A publicação desta falsa tabela classificativa foi adiada de finais de março para finais de junho, em virtude do contexto pandémico que nos assola e, indubitavelmente, pela indiferença que motiva. Convoca um trabalho imensurável, mas praticamente inglório pela vacuidade dos ganhos retirados, a não ser para elevar o ego dos do costume.

O ranking dos exames (e não ranking das escolas como é habitualmente designado) tem surgido mais tardiamente com o passar dos anos (em fevereiro no ano transato, em dezembro em 2018, em novembro em 2013 e em outubro em 2005), evidenciando objetivos simplistas e perversos, uma vez que gradua as escolas pelas classificações obtidas nos exames. A unicidade da fonte, porque está sustentado na média dos resultados dos exames por escola, ignora critérios essenciais e distorce a realidade, afirmando-se como instrumento arbitrário e díspar para as comunidades educativas – alunos, pais e professores –, um embuste, caso não percecionem as restrições intrínsecas a este falaz índice categorial.

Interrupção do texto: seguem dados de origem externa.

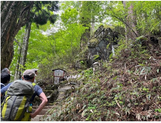
18. 寺谷を抜けて岩屋文殊へ
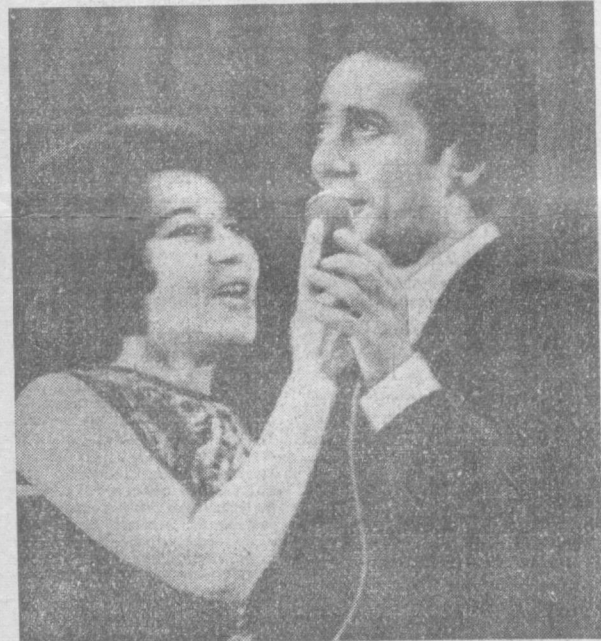
НА СНИМКЕ: поют популярные узбекские эстрадные певцы Луиза и Батыр Закировы.
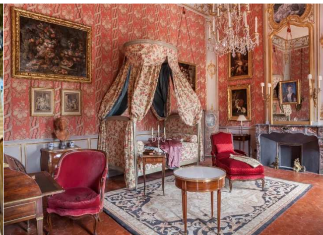
Chambre de Pauline de Caumont
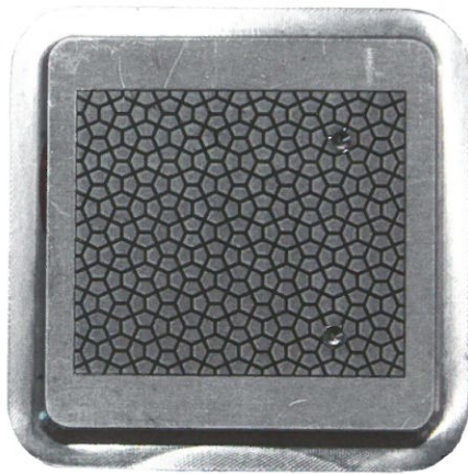
Bild 2+3 | Mit dem Flying Spot Scanner reduzierte sich die Messdauer von 40Min auf 40Sek Verbund-projekt ToolRep (Förderkennzeichen 02P14A032).

Diese Lücke schließt der Flying Spot Scanner (FSS). Der aktive Messkopf wurde spe-zial für den Inline-Einsatz entwickelt und ergänzt sich ideal mit den Chrocodile 2 IT zu einem smarten Inspektionssystem. Über einen Lichtleiter wird das Licht vom Sensor in den Messkopf eingekoppelt und über ein ausgeklügeltes Spiegelsystem umgelenkt. Zuletzt durchläuft das Licht ein telezentrisches Objektiv, das als Fo-kussiermodul auf dem Hinweg und als Messapertur für das reflektierte Licht dient. Durch das bewegliche Spiegelsystem wird der Messlichtstrahl in un-terschiedlichen Winkeln abgelenkt, so dass der Messfleck innerhalb des Blickfeldes des Objektivs frei positioniert werden. Lange Wege von Linearachsen werden durch kurze Drehbewegungen ersetzt, was zu einer deutlichen Verkürzung der Mess-/Scanzeit führt. Durch den Einsatz angepasster Fokussiermodule kann der Scanner für unterschiedliche Anwen-dungsszenarien eingesetzt werden. Die
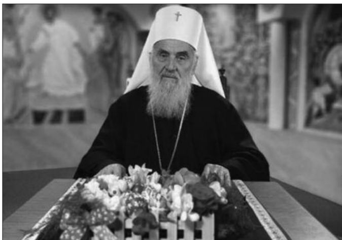
Његова Светост Патријарх српски г. Иринеј

Нажалост, и поред небоземне пасхалне радости, и даље смо сучочени са мноштвом искушења и невоља, са тероризмом, ратовима и одузимањем људских живота широм земљиног шара. Плач и агонија жртава, који до нас допиру највећом брзином путем савремених средстава комуникације, рањавају наша срца. Разноврсна и безбројна разочарења, туга и незадовољство обузимају наше душе. Свуда око нас влада неправда и мржња, а истина се релативизује. Људе врлинског живота клеветају и прогоне. То се одвија не само на личном и локалном плану него и у глобалним размерама. Сведоци

Em contraponto, os Percursos Diretos de Sucesso (PDS), disponibilizados pelo ME, são um instrumento indubitavelmente mais justo e realista, colocando o enfoque nos progressos efetivos resultantes do trabalho das escolas, mobilizando outros princípios e áreas de competências considerados no perfil dos alunos, e os saberes construídos à saída da escolaridade obrigatória.

Importa adotar outros critérios alternativos, alguns já existentes, dando destaque à dimensão dos valores e atitudes dos alunos (empenho, dedicação, interesse, cumprimento com os seus deveres, assiduidade, motivação, etc.), o aporte da escola no aluno (valor que acrescenta desde que o discente entra até que sai da escola), o número de alunos da escola e o percurso escolar edificado por cada um, a estabilidade do corpo docente, o nível socioeconómico dos pais e encarregados de educação, bem como a localização da escola, as expetativas dos alunos e das suas famílias, o efeito das explicações e os apoios extra sala de aula, entre outros.

Claramente, os PDS apresentam-se como um indicador fidedigno, mais verossímil e imparcial na avaliação do trabalho efetuado pelas escolas na capacitação e desenvolvimento dos potenciais de cada aluno, registando a evolução operada durante o seu percurso escolar, ou seja, a melhoria manifestada por cada discente no que concerne aos seus resultados globais.

E, no entanto, percecionamos que o trajeto final de cada aluno é condicionado pelo modelo instituído para acesso ao ensino superior, em que o exame é d(en)ominador!

Não se compreende que a entrada no ensino superior dependa predominantemente da avaliação externa quando o ensino secundário se assume como obrigatório, menos ainda que os exames sejam contabilizados na componente da avaliação final. Parece razoável destinar um papel assaz redutor a este nível de ensino que, concretamente, se limita a cumprir com os objetivos a testar a posteriori, sendo a eficiência do desempenho a condição determinante para a crivagem que deveria ser da responsabilidade das universidades?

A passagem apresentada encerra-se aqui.